One vital point: You can expand your personal envelope by deliberate practice under controlled conditions. Once you adopt a new limit, however, your skills begin to atrophy unless you continue to practice the level of performance you attained to earn that new limit. Six months or so after you build up to a new level, if you’ve not maintained that sharper skill with practice it will be as if you never attained it at all. That’s why many pilots need to study and practice to be able to pass a flight review, when they were able to perform to certificate standards on their last review or check ride—skills erode.

So how do you safely expand your personal envelope—gain comfort with better performance and utility—without exposing yourself or your passengers to undue risk?

  • Know and document your current personal envelope.
  • Fly to remain within your personal envelope.
  • Deliberately train to expand your personal envelope in a controlled manner.
  • Adjust your personal limits toward greater conservatism as time erodes the effects of your training.
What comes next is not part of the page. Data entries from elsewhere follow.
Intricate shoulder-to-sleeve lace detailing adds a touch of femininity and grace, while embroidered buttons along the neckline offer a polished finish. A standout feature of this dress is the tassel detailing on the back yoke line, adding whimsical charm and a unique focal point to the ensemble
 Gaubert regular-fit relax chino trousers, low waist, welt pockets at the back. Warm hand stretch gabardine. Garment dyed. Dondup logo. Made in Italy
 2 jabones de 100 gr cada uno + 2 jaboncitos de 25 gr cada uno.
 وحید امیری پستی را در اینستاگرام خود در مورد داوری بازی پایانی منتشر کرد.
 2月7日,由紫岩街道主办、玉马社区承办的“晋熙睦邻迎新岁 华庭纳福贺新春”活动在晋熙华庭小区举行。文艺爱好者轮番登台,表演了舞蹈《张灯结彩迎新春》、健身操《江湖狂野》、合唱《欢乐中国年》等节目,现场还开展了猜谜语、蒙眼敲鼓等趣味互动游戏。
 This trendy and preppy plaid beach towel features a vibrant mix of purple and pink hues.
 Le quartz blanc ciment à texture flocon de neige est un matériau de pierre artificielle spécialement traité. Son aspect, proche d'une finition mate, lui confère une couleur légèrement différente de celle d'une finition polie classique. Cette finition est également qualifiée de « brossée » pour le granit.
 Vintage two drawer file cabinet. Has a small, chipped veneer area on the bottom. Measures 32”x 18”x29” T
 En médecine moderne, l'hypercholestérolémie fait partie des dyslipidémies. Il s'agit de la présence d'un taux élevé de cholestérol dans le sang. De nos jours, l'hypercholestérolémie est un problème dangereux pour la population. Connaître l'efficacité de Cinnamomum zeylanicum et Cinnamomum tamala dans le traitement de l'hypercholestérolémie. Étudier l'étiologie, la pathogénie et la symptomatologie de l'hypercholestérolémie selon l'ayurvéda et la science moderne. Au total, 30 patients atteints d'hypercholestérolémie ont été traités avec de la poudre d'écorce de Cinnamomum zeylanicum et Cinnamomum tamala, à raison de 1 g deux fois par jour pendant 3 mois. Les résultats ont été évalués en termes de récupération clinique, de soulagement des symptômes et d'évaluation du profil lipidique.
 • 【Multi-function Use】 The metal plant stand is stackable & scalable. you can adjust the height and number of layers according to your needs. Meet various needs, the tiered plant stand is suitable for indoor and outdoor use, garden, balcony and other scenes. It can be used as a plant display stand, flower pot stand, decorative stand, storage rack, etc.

Never intentionally fly outside the conditions in which you feel you can confidently determine the safe outcome. Always fly within an established and ever-changing personal envelope.

2 COMMENTS

  1. Confession regarding limitation of pilot ability is utmost. When a pilot knows to what level he can under take mission. More so, if he feels that he is to get some training with instructor or want to refresh some flying procedures. He should be asking and also avoid making ego issues. Confession is much better than collision I guess.

  2. My main concern flying is engine failure …even so, I am reluctant to practice solo as I have seen several aircraft crash whilst doing forced landing practice. I usually wait for my BFR. and hope it won’t happen.